Iowa reporter goes to prison trial during Black Lives Matter protest

The trial of journalist Andrea Sahouri began on Monday with a policeman declaring that he had no choice but to arrest her during last year’s racial justice protests in Des Moines, Iowa, because she did not leave the area after he spread Pepper Spray.

Sahouri, public security reporter for the Des Moines Register, is one of 116 journalists arrested or detained while covering Black Lives Matter protests that broke out after George Floyd’s death, according to the U.S. Press Freedom Tracker, but she is the first to be taken to the trials. She is accused of omission of dispersion and interference in official acts, both contraventions.

“This is the case for a journalist arrested for doing her job,” defense lawyer Nicholas Klinefeldt said during opening remarks.

The case has attracted wide conviction in journalists and press freedom advocacy groups.

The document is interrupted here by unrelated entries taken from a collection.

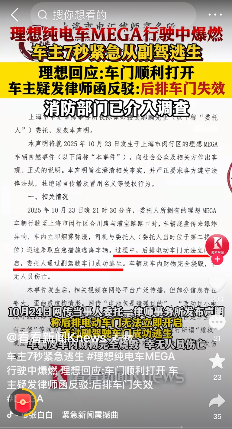 屁滚尿流君当时坐后面,证实燃爆的理想车后门也打不开。最后从前门爬出来屁滚尿流爬逃
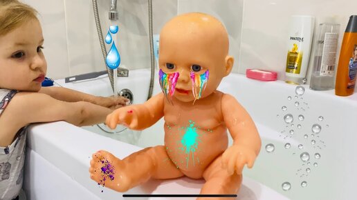 Катя разрисовала куклу Беби Бон и купает ее в ванне! Веселое видео для детей!
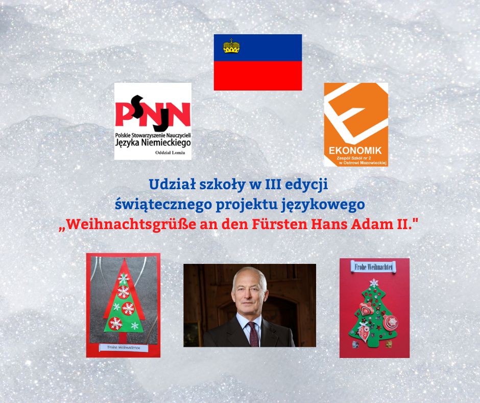 Nauczyciele języka niemieckiego należący do Stowarzyszenia Nauczycieli Języka Niemieckiego oddział Łomża wraz ze swoimi uczniami wzięli udział w III edycji projektu językowego „Weihnachtsgrüße an den Fürsten Hans Adam II.”. W ramach tego projektu uczniowie szkół podstawowych i ponadpodstawowych przygotowali własnoręcznie wykonane kartki świąteczne wraz z życzeniami z okazji
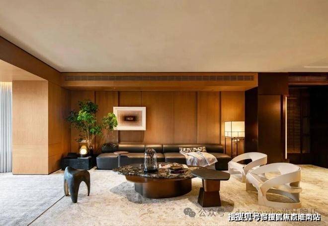 踱步至会客厅,是近100㎡的社交空间,面宽约8米、进深约15米,成就阔绰的家宅尺度。木饰面搭配米色天花,呈✨✨✨【万科傲舍云镜】售楼处热线预约:400-891-9910✔✔✔❤❤❤现出分明舒朗的气质。一字型皮质沙发横向展开,与茶几、坐凳相间,开朗处见逸趣。
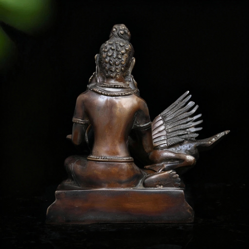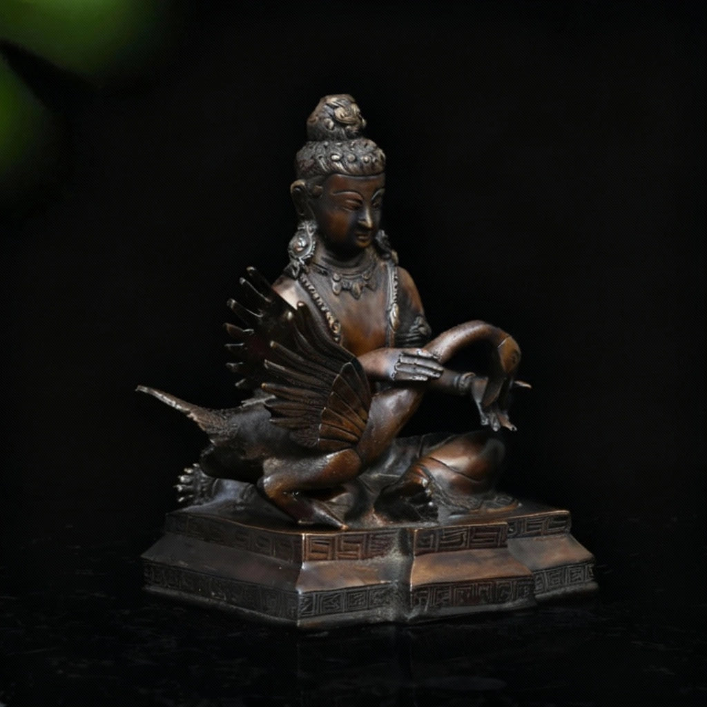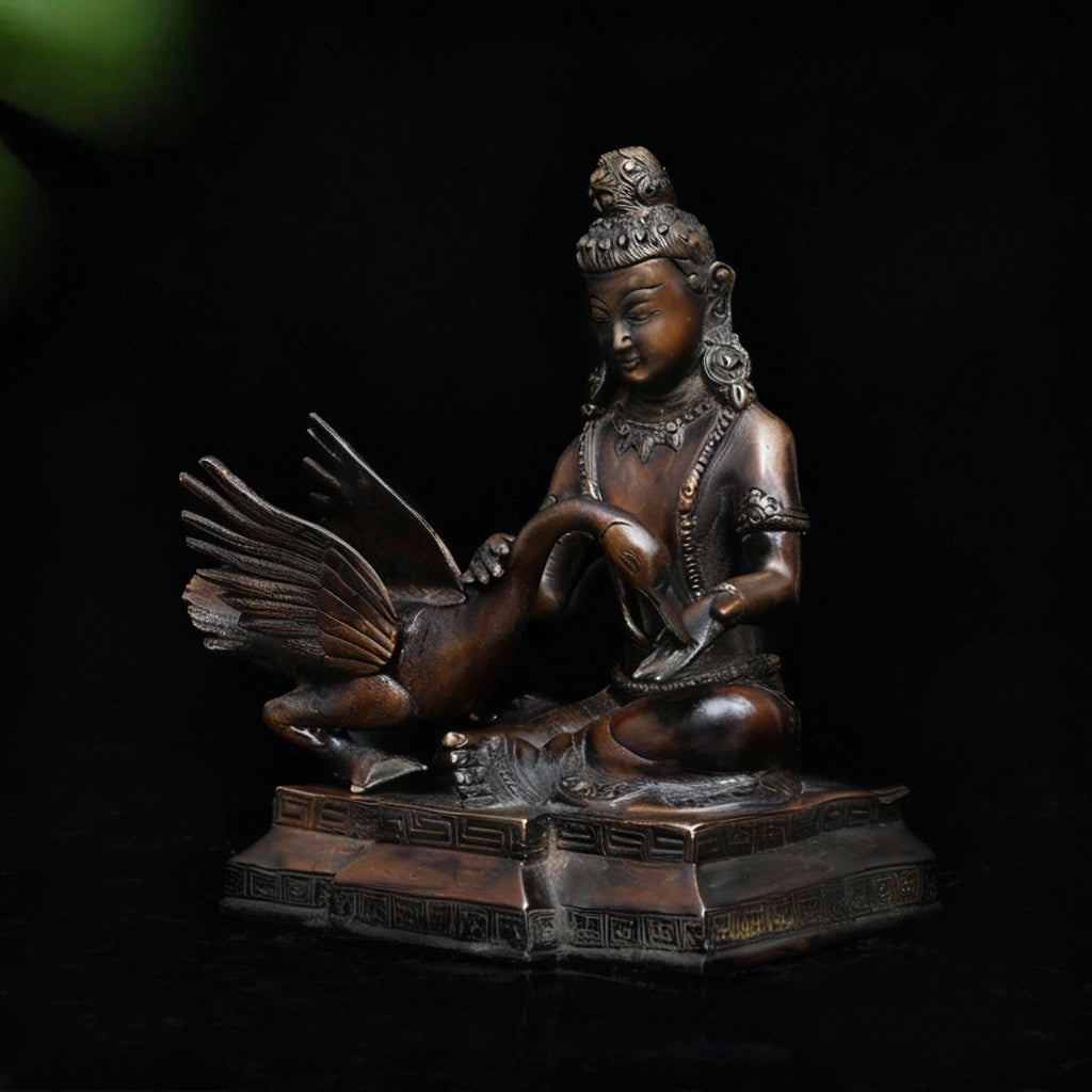 This brass artifact narrates a touching episode from the early life of Siddhartha. While playing with his cousin, a swan was struck by an arrow and fell helplessly to the ground. Siddhartha immediately ran to the injured bird, gently removed the arrow, and carefully nursed it back with compassion and care.

At least 11 other journalists still face charges related to incidents that occurred during the Black Lives Matter demonstrations. Sahouri is the first journalist arrested while covering a protest whose case went on trial since Jenni Monet was acquitted in 2018 of trespassing charges while covering demonstrations against a pipeline in the Standing Rock Indian reservation, according to the Press Freedom Tracker of USA.

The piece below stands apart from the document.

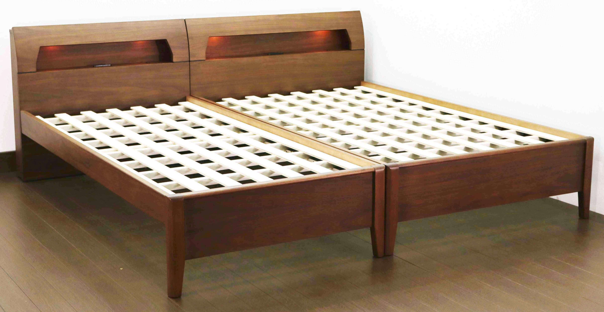 2口スライドコンセント付き、ヘッドボード照明付き
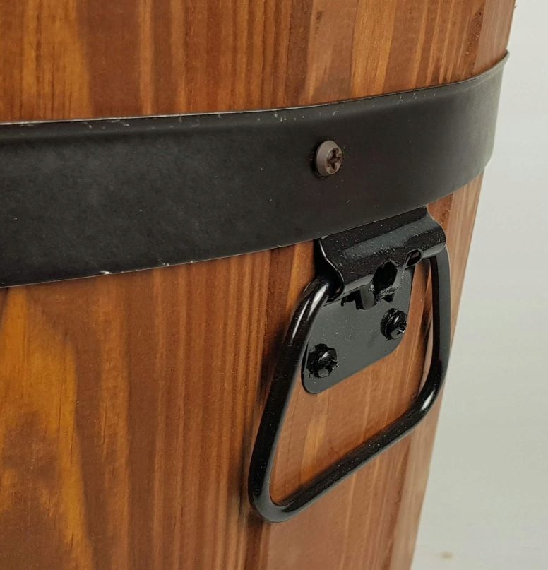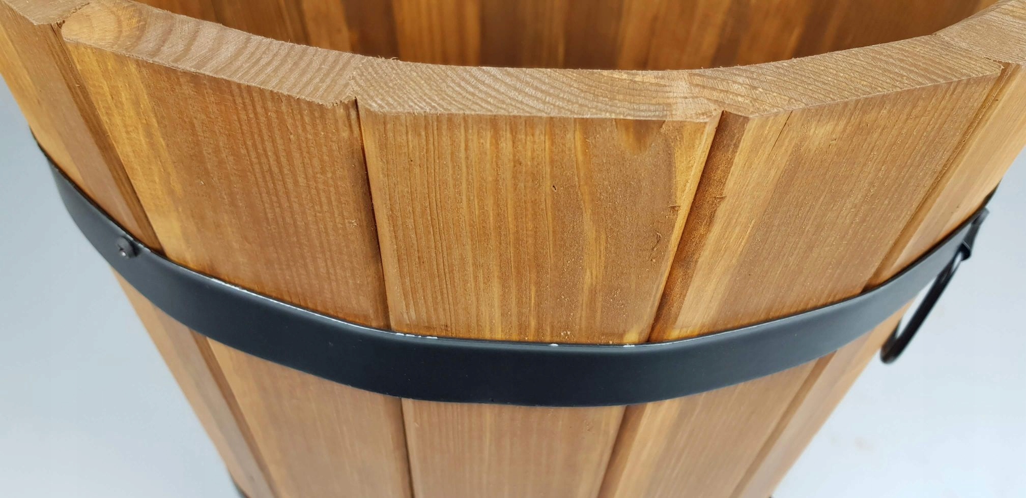 Donica posiada otwór drenażowy w grubym dnie z drewna sosnowego.

“When reporters are arrested, beaten or prevented from doing their jobs, it is not an attack on a single journalist or a media company,” wrote the Register’s editorial board last month. “It is an attack on everyone’s rights to be informed and to hold those in power accountable for their actions.”

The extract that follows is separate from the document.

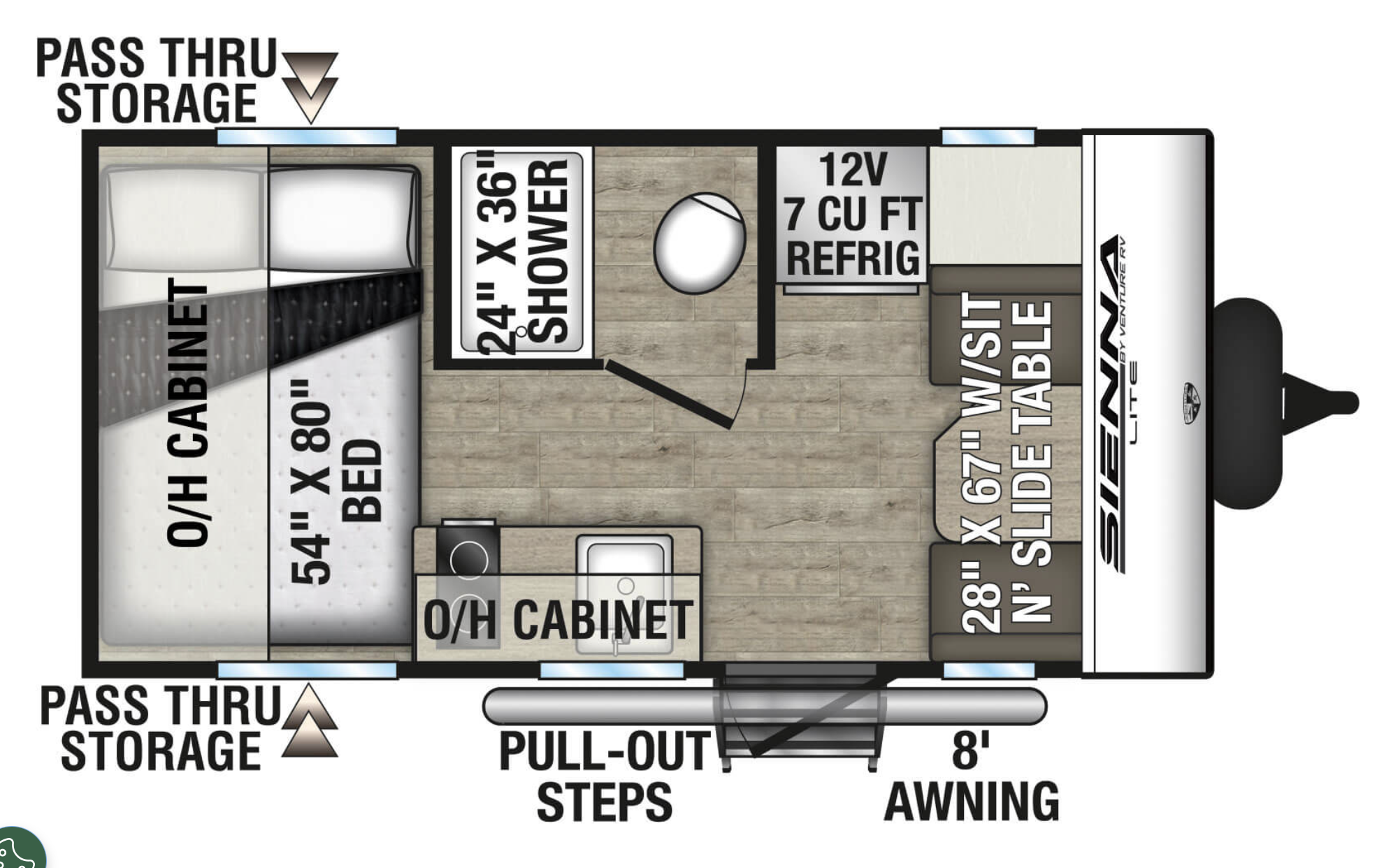Full Dry Bath: Unlike many teardrop-style trailers that use a "wet bath" (where the toilet is in the shower), the 140VFD features a 24" x 36" shower, a foot-flush toilet, and a medicine cabinet in a dedicated dry space.

The police applied pepper spray and arrested Sahouri and her boyfriend at the time, Spenser Robnett, who said he was accompanying her for security reasons on May 31, while she was covering a protest outside a mall in Des Moines. Robnett is accused of trying to get her away from the police officer who arrested her and is on trial with her. If convicted, they could face fines and prison terms.

Do you have information to share about this story? Contact us.

The prosecution team told jurors on Monday that the misdemeanor case revolves around “three very simple issues”: whether Sahouri and Robnett should disperse, whether they dispersed and whether they tried to distance themselves from the arresting police officer.

Prosecutors accuse Sahouri and Robnett of refusing to disperse law orders – issued 92 minutes before his arrest – after some protesters started vandalizing companies and throwing objects at police officers around the Merle Hay Mall in Des Moines, and argue that their role as a journalist doesn t give her a special status to stay in the area.

Protesters gathered at the mall because it was the last place where Abdi Sharif, a teenager from a family of Somali immigrants, was seen alive before disappearing in January 2020. His body was discovered in a river in May. The police considered the death a suicide, which his family finds difficult to believe. Des Moines police also said they acted “tirelessly” in the investigation, which Sarif’s family and activists criticized as lackluster. The Des Moines Black Liberation Movement called for a more thorough investigation last year.

Luke Wilson, the arresting officer, arrested Sahouri outside a Verizon Wireless store across the street from the mall. At the booth on Monday, Wilson said he used a “nebulizer” to implant pepper spray into a group of people outside the Verizon store to make them disperse and then took Sahouri into custody because she was still there.

“Since she has not left, I am obliged to arrest her because she has not dispersed,” said Wilson. When Robnett tried to get Sahouri out of his grip, Wilson said, he sprayed more pepper spray to “keep track of the situation and keep track of Ms. Sahouri.”

In a video that Sahouri recorded in police custody that night, she said she had told the police several times that she was a reporter for The Register. However, she said, “the police deliberately caught me, sprayed my face with pepper spray and then arrested me in the back seat of a police car.”

Wilson said he came to a chaotic scene in which people were throwing stones and water bottles at the police and that he did not realize that he had not activated his body’s camera. He also said he was wearing a gas mask and riot gear and did not hear Sahouri say that she was a member of the media.

Prosecutors tried to prevent Sahouri’s defense team from discussing her work as a reporter, arguing that it was irrelevant and that the police believed she was one of the protesters, according to the court records. In a police report, a police officer described Sahouri as “dressed very casually and looked like many other subjects on this date”.

The trial is scheduled to resume on Tuesday morning.